If your reaction to this so far is, as mine was on reading the initial
chapter, "This is great stuff. I know it when I find it, but how do I do
it?" Dr Breggin does not disappoint. The book goes on to describe, in the
context of empathy and love, how to:
-accept and deal with our own inadequacies and vulnerabilities without
trying to pretend that we don't have any.

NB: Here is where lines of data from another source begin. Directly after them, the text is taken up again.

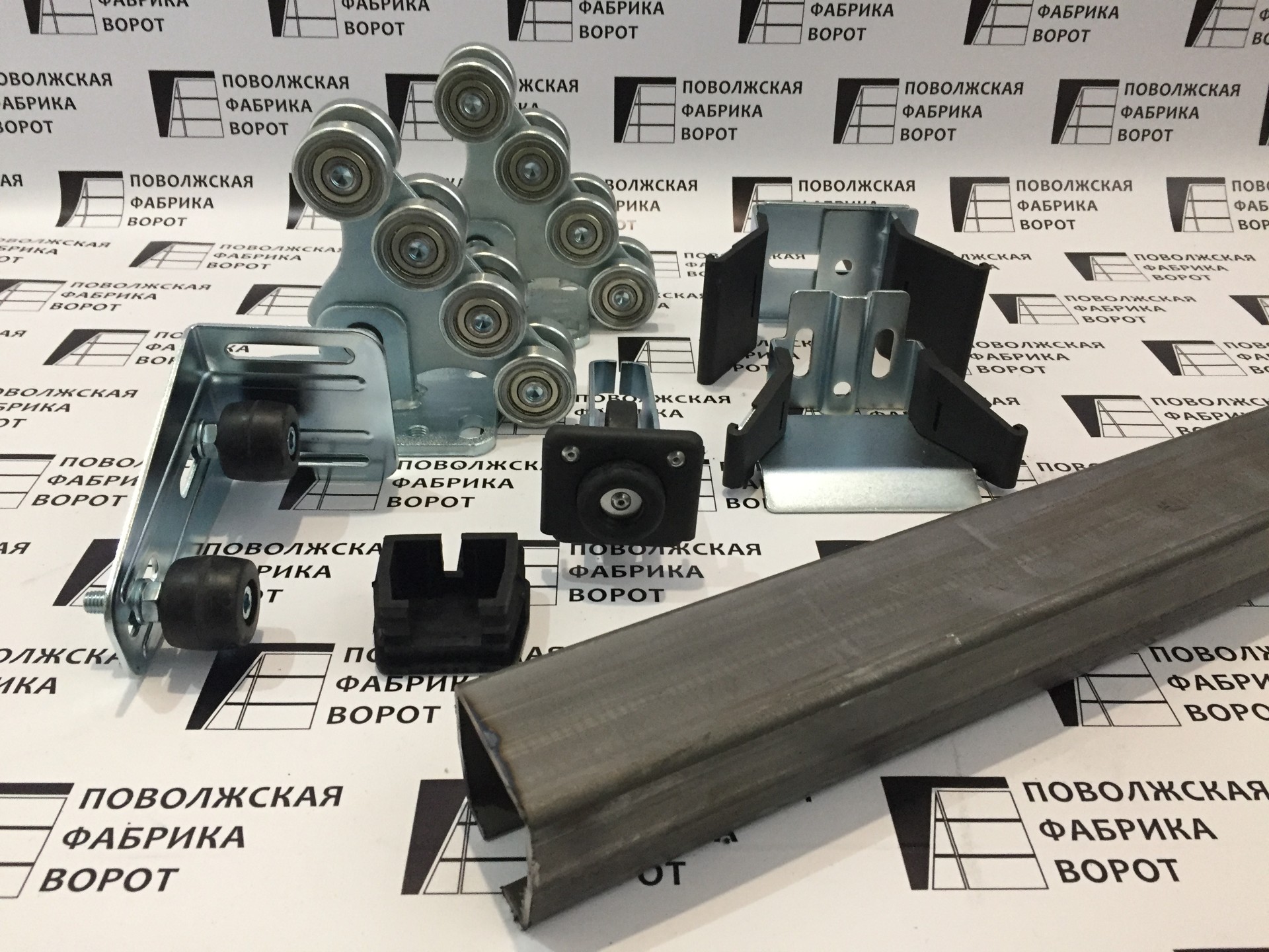 В комплекте балка 6 м , опоры роликовые 2 шт, ролик концевой 1 шт, ловитель верхний составной и нижний, кронштейн с поддерживающими роликами (регулировочные пластины в стоимость не входят)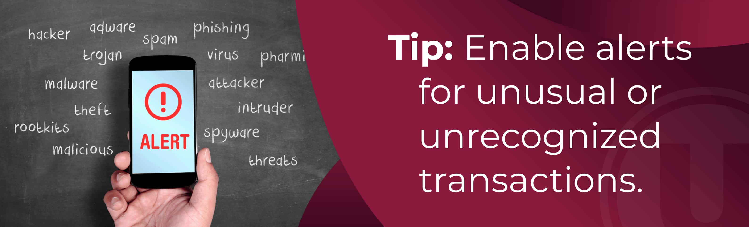One of the many benefits of mobile and online banking is that you can check your accounts regularly to look for signs of fraud. If you see any reason to be suspicious, report this to Union Bank immediately. Frequently checking your financial accounts can help you avoid a loss.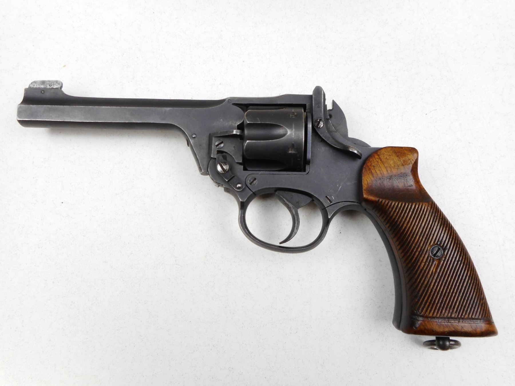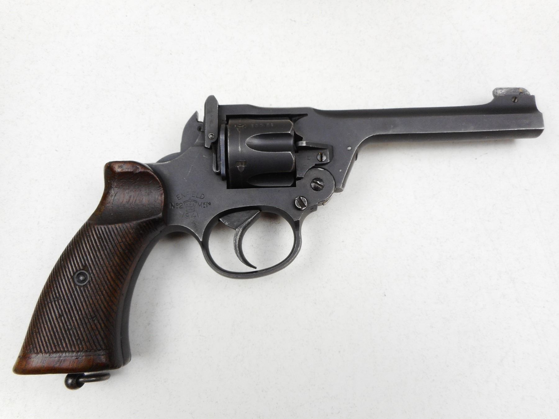 WWII ERA, ENFIELD , MODEL: TANKER NO2 MK I* , CALIBER: 38S&W , WWII ERA, DATED 1941 WITH A C BRD ARROW, BORE IS VERY GOOD, BLADE FRONT AND NOTCH REAR SIGHT, ORIGINAL WOOD GRIPS, SHOWS VERY LITTLE HANDLING MARKS , SERIAL # 01412 , ACTION: REVOLVER , BARREL LENGTH: 123MM , CONDITION: 8/10 , STOCK # 2865 , CLASS: CANADIAN RESTRICTED CLASS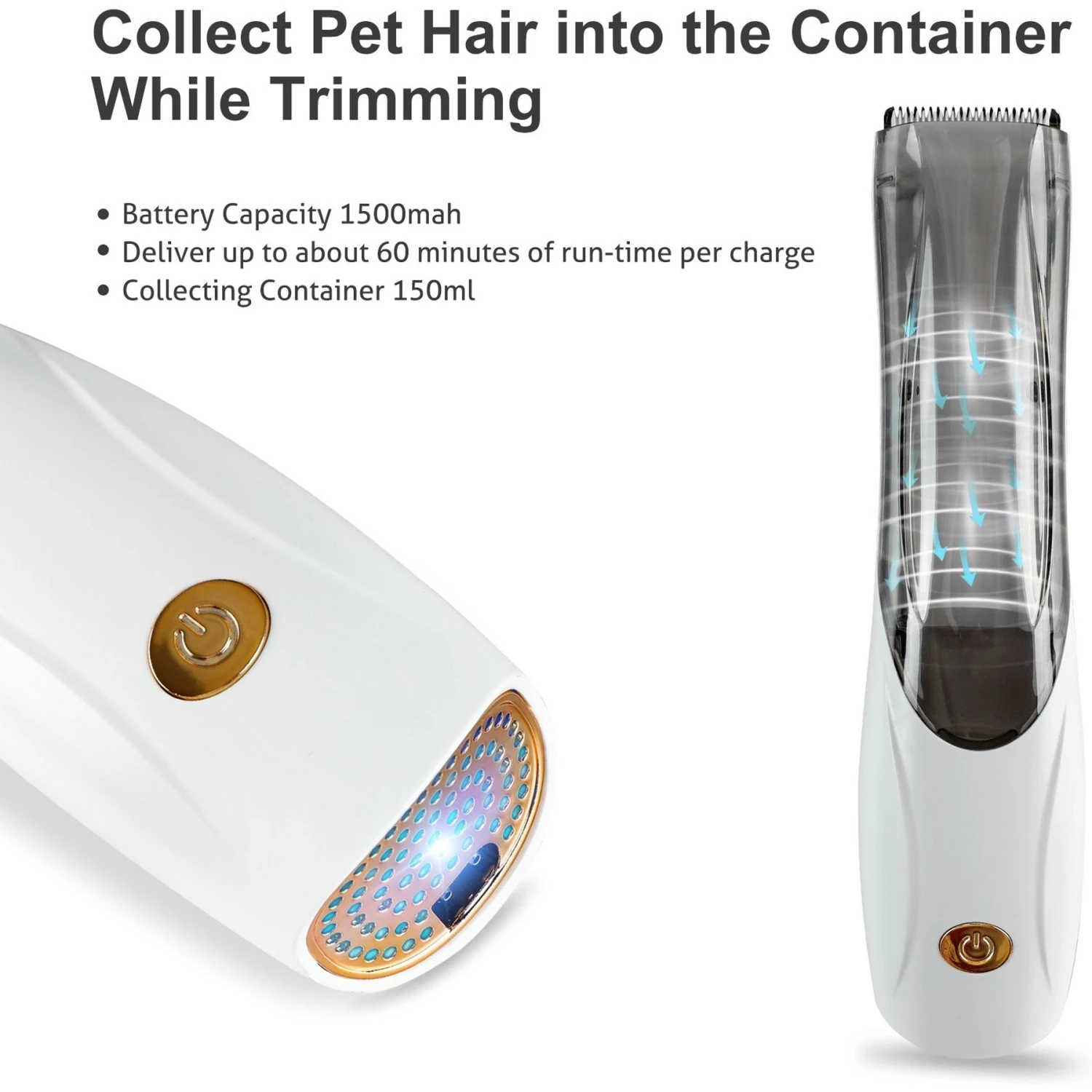 - Suction function collects pet hair into a container while you trim to keep your home clean.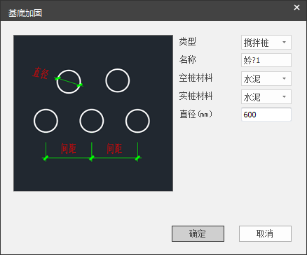 点击【增加】,弹出图 2.8-3基底加固类型对话框,可交互类型(搅拌桩、旋喷桩)、名称、空桩材料(水泥)、实桩材料(水泥)、直径。

-address the need to love and be loved.
-take care of, understand and transform ourselves that we may better care
for, understand and transform others.
-be spiritually uplifted through empathy, rather than being burdened or
overwhelmed.
-be open and responsive without being vulnerable to manipulation, hostility
or conflict.
-calmly respond to emotions, even in extreme cases.
-base family and couple therapy around the clients' concept of and basic
need for love.
-bridge cultural and racial barriers to help people different from us,
through assumptions of common shared human experience.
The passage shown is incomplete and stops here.